O Iraque conquistou sua única classificação para uma Copa do Mundo há 40 anos, em 1986, no México, sob o comando do brasileiro Evaristo de Macedo. Apesar de não pontuar no torneio, a campanha foi histórica pela união nacional que promoveu em meio à Guerra Irã–Iraque.
A seleção conquistou a vaga nos playoffs depois de terminar uma espécie de repescagem interna na Ásia em terceiro lugar. Inicialmente, 18 seleções foram divididas em três chaves.
As duas primeiras colocadas de cada uma garantiram vaga na Copa. Os terceiros e quartos lugares formaram dois novos triangulares, nos quais o vencedor também se classificou, enquanto os segundos colocados disputaram um play-off para definir quem iria à repescagem mundial.
O vencedor da chave Bolívia/Suriname/Iraque entrará no Grupo I da Copa do Mundo, que conta com França, Noruega e Senegal.
RD Congo: a chance de reescrever sua história
Na outra chave, o vencedor de Nova Caledônia e Jamaica enfrenta a República Democrática do Congo. O país já participou uma vez da Copa do Mundo da FIFA, em 1974, na Alemanha, ainda como Zaire. Naquela ocasião, a campanha ficou marcada pelo medo, após o ditador Mobutu Sese Seko ameaçar a vida dos jogadores caso retornassem com resultados negativos.

Para o país, classificar-se para a Copa do Mundo é uma oportunidade de expor sua realidade ao mundo e, ao mesmo tempo, superar o trauma daquela participação. O futebol é utilizado como forma de resistência e de orgulho nacional diante de décadas de crises humanitárias e conflitos.
Os congoleses garantiram vaga na repescagem após passar por Camarões na semifinal dos play-offs das Eliminatórias e superar a Nigéria nos pênaltis na grande decisão. Esse jogo, porém, teve uma grande dose de polêmica nos bastidores.

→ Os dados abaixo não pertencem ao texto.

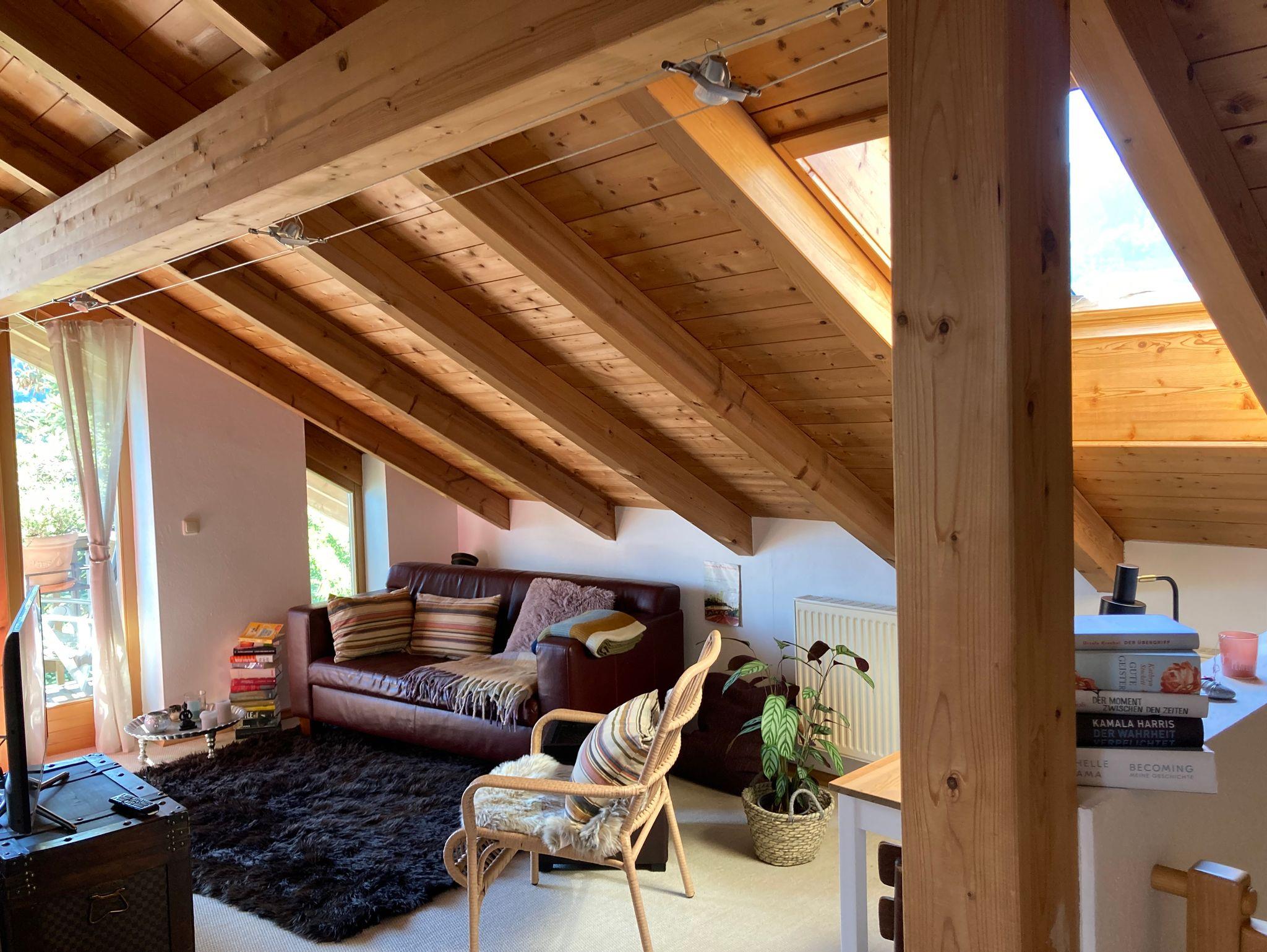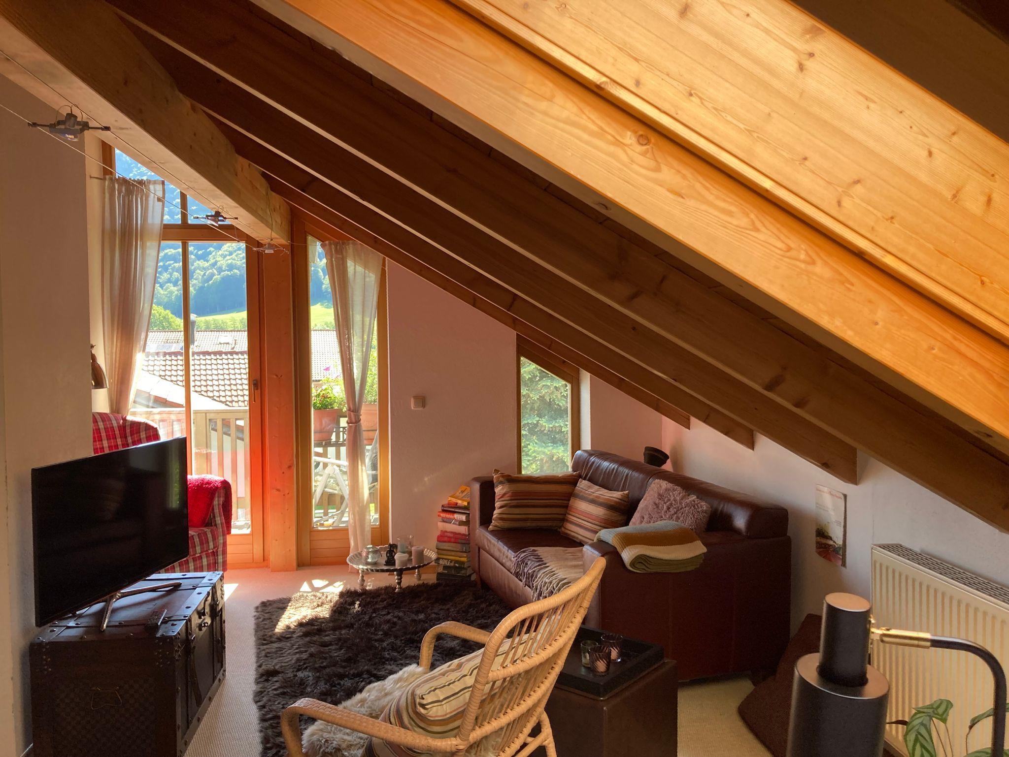 Die Nichtraucher-Ferienwohnung KampenWinkel bis 4 Personen im 1. Stock ist eine schöne, gemütliche Maisonette-Ferienwohnung auf zwei Ebenen (68 qm) mit zwei großen Balkonen und fantastischem Blick auf die Kampenwand.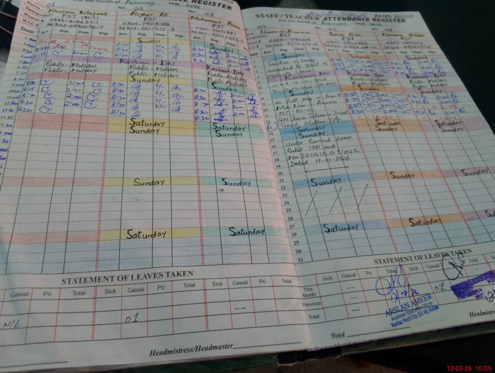 | Name: Kh**** Ma**** Designation: (School Headmaster's/Headmistress's) HEADMASTER Phone/Cell Number: 03**** |

A Nigéria solicitou à FIFA a exclusão da RD Congo da repescagem para a Copa de 2026, alegando a escalação irregular de nove jogadores. O foco da denúncia recai sobre atletas como Aaron Wan-Bissaka e Arthur Masuaku, que teriam falhas no processo de mudança de elegibilidade após defenderem seleções europeias na base. A FIFA rejeitou a petição e manteve o resultado de campo.
A seleção vencedora da chave RD Congo/Nova Caledônia/Jamaica entrará no Grupo K da Copa do Mundo, ao lado de Portugal, Colômbia e Uzbequistão.
Independentemente de quem se classifique, sonhos se tornarão realidade e o futebol escreverá mais uma daquelas belas páginas de emoção, que ficará marcada na memória de toda uma nação.